Your assignment: Restate the records below exactly. Pictures are not part of the copy.

Record set START

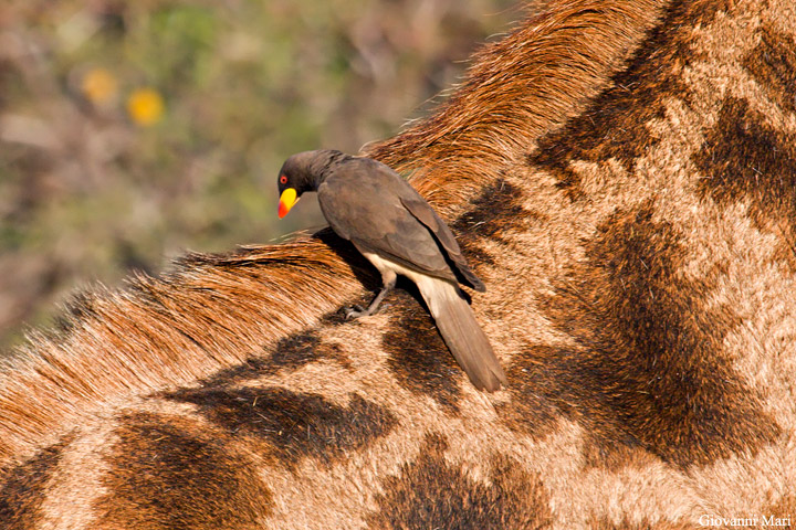 Yellow-billed Oxpecker on Giraffe, Moremi GR
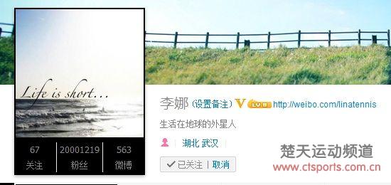 李娜的新浪微博粉丝数突破2000万大关
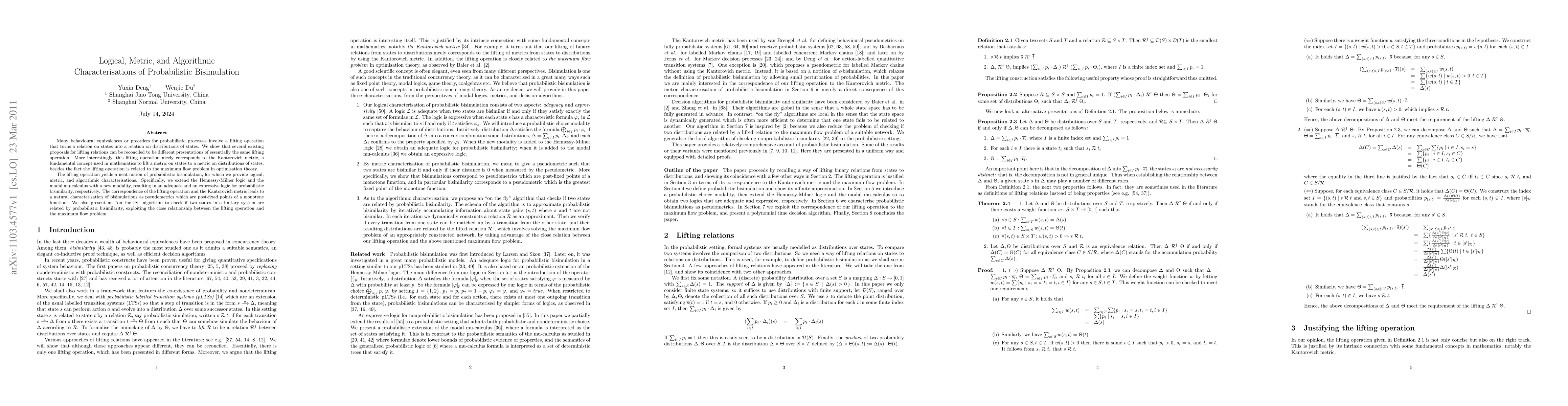 This paper reconciles various proposals for lifting relations in probabilistic processes, showing they are different presentations of the same operation. It connects this lifting to the Kantorovich metric and the maximum flow problem, providing logical, metric, and algorithmic characterisations of probabilistic bisimulation, including an "on the fly" algorithm for checking bisimilarity.
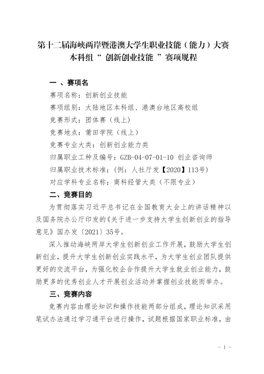 第十二届海峡两岸暨港澳大学生职业技能(能力)大赛 本科组“ 创新创业技能 ”赛项规程
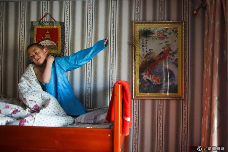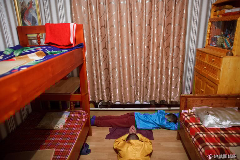 每天早上 7點左右,今年 29歲的僧侶泰安(Lobsang Tayang)就會起身去叫醒 10歲的圖爾(Batkhan Tuul)的和11歲的塔穆勒(Temuulen),測驗他們對經文的熟稔程度,並在剩餘的早上朗讀經文。
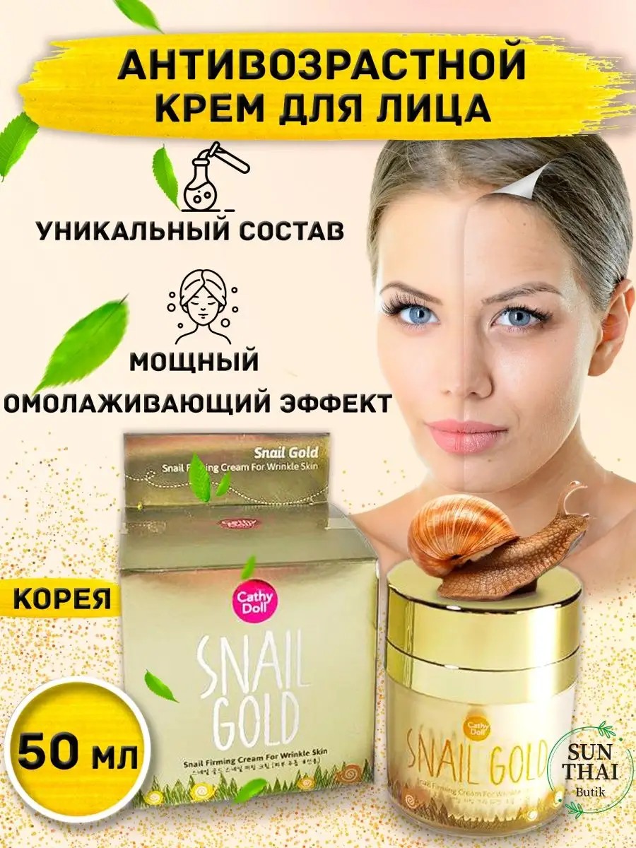 Anti-aging face cream with gold and snail mucin from Cathy Doll, Snail Gold. A high-tech cosmetic product, one of the best collaborations in the Thai-Korean cosmetics line. This anti-aging cream with bio-gold and snail mucus filtrate will help care for and regenerate aging, tired, and dry skin. Snail mucin is one of the most popular ingredients in Korean cosmetics, and Snail Gold by Cathy Doll is the pride of Asia's leading Korean brand. Fermented snail mucus extract has a very powerful rejuvenating effect. Typically, snail mucin-containing cosmetics have a cumulative rejuvenating effect and therefore require regular use. Snail mucin contains many natural ingredients, including allantoin, glycolic acid, collagen, and hyaluronic acid. All of this helps increase elasticity and rejuvenate facial skin, providing a peeling effect and hydration. Moisturizing ingredients are essential for aging skin in snail cosmetics. This cream with acids combines all the best qualities. It improves elasticity and provides a lifting effect, reducing the depth and severity of wrinkles. Snail mucus filtrate evens out skin texture and reduces scars, while hyaluronic acid moisturizes. Shea and macadamia oils nourish the skin, accelerate collagen synthesis, and rejuvenate with linoleic, oleic, eicosenoic, stearic, and arachidonic acids. Aloe heals, tightens pores, and protects the epidermis from aging, while bio-gold restores a youthful glow and freshness, creating a lifting effect. What do you need to know about this anti-aging cream with snail and bio-gold? Because of the mucus, the cream has a viscous, stretchy, and slightly sticky consistency, so it should be applied pointwise, gently and carefully, patting it in with your fingertips. Bio-gold works in close conjunction with snail mucus. Both components significantly regenerate the skin, smooth wrinkles, even out skin tone, and activate metabolic processes in aging skin. When used daily, apply Snail Gold twice daily.

Record set END

Solution to this exercise:
 Yellow-billed Oxpecker on Giraffe, Moremi GR
 李娜的新浪微博粉丝数突破2000万大关
 This paper reconciles various proposals for lifting relations in probabilistic processes, showing they are different presentations of the same operation. It connects this lifting to the Kantorovich metric and the maximum flow problem, providing logical, metric, and algorithmic characterisations of probabilistic bisimulation, including an "on the fly" algorithm for checking bisimilarity.
 第十二届海峡两岸暨港澳大学生职业技能(能力)大赛 本科组“ 创新创业技能 ”赛项规程
 每天早上 7點左右,今年 29歲的僧侶泰安(Lobsang Tayang)就會起身去叫醒 10歲的圖爾(Batkhan Tuul)的和11歲的塔穆勒(Temuulen),測驗他們對經文的熟稔程度,並在剩餘的早上朗讀經文。
 Anti-aging face cream with gold and snail mucin from Cathy Doll, Snail Gold. A high-tech cosmetic product, one of the best collaborations in the Thai-Korean cosmetics line. This anti-aging cream with bio-gold and snail mucus filtrate will help care for and regenerate aging, tired, and dry skin. Snail mucin is one of the most popular ingredients in Korean cosmetics, and Snail Gold by Cathy Doll is the pride of Asia's leading Korean brand. Fermented snail mucus extract has a very powerful rejuvenating effect. Typically, snail mucin-containing cosmetics have a cumulative rejuvenating effect and therefore require regular use. Snail mucin contains many natural ingredients, including allantoin, glycolic acid, collagen, and hyaluronic acid. All of this helps increase elasticity and rejuvenate facial skin, providing a peeling effect and hydration. Moisturizing ingredients are essential for aging skin in snail cosmetics. This cream with acids combines all the best qualities. It improves elasticity and provides a lifting effect, reducing the depth and severity of wrinkles. Snail mucus filtrate evens out skin texture and reduces scars, while hyaluronic acid moisturizes. Shea and macadamia oils nourish the skin, accelerate collagen synthesis, and rejuvenate with linoleic, oleic, eicosenoic, stearic, and arachidonic acids. Aloe heals, tightens pores, and protects the epidermis from aging, while bio-gold restores a youthful glow and freshness, creating a lifting effect. What do you need to know about this anti-aging cream with snail and bio-gold? Because of the mucus, the cream has a viscous, stretchy, and slightly sticky consistency, so it should be applied pointwise, gently and carefully, patting it in with your fingertips. Bio-gold works in close conjunction with snail mucus. Both components significantly regenerate the skin, smooth wrinkles, even out skin tone, and activate metabolic processes in aging skin. When used daily, apply Snail Gold twice daily.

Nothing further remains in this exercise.